> TASK STATEMENT
Below is some data. Retype exactly the lines starting at the one with "消防官兵将无人机从树上取下。上游新闻记者 雷键 翻拍" and ending at the one with "OOCL will participate".

> MATERIAL SUPPLIED
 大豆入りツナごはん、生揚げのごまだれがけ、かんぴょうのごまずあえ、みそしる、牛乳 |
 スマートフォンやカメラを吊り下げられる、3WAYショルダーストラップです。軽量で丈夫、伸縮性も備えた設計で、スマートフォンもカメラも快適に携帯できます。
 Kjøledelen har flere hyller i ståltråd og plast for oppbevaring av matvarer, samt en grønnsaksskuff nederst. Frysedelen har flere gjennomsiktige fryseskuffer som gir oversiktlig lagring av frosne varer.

...

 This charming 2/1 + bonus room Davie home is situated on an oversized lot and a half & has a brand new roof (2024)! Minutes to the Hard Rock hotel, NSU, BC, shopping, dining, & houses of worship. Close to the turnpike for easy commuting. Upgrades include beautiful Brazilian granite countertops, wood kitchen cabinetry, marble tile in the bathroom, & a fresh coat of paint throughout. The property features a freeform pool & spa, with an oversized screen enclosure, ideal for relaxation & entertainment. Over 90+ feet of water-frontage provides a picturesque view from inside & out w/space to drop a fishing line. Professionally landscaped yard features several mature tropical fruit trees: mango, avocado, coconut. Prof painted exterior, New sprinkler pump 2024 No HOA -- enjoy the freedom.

---

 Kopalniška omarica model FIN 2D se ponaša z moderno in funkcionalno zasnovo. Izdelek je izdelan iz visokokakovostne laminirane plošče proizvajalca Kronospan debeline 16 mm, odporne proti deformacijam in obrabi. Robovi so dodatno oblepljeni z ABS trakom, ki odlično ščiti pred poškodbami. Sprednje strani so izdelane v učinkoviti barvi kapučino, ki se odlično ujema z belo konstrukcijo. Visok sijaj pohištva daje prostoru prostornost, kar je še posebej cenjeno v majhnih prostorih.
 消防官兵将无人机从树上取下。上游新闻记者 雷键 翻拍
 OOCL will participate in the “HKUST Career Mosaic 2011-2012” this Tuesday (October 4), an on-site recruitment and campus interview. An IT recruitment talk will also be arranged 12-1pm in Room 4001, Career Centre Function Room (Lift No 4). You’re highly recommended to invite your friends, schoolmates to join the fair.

> RESULT OF THE TASK
 消防官兵将无人机从树上取下。上游新闻记者 雷键 翻拍
 OOCL will participate in the “HKUST Career Mosaic 2011-2012” this Tuesday (October 4), an on-site recruitment and campus interview. An IT recruitment talk will also be arranged 12-1pm in Room 4001, Career Centre Function Room (Lift No 4). You’re highly recommended to invite your friends, schoolmates to join the fair.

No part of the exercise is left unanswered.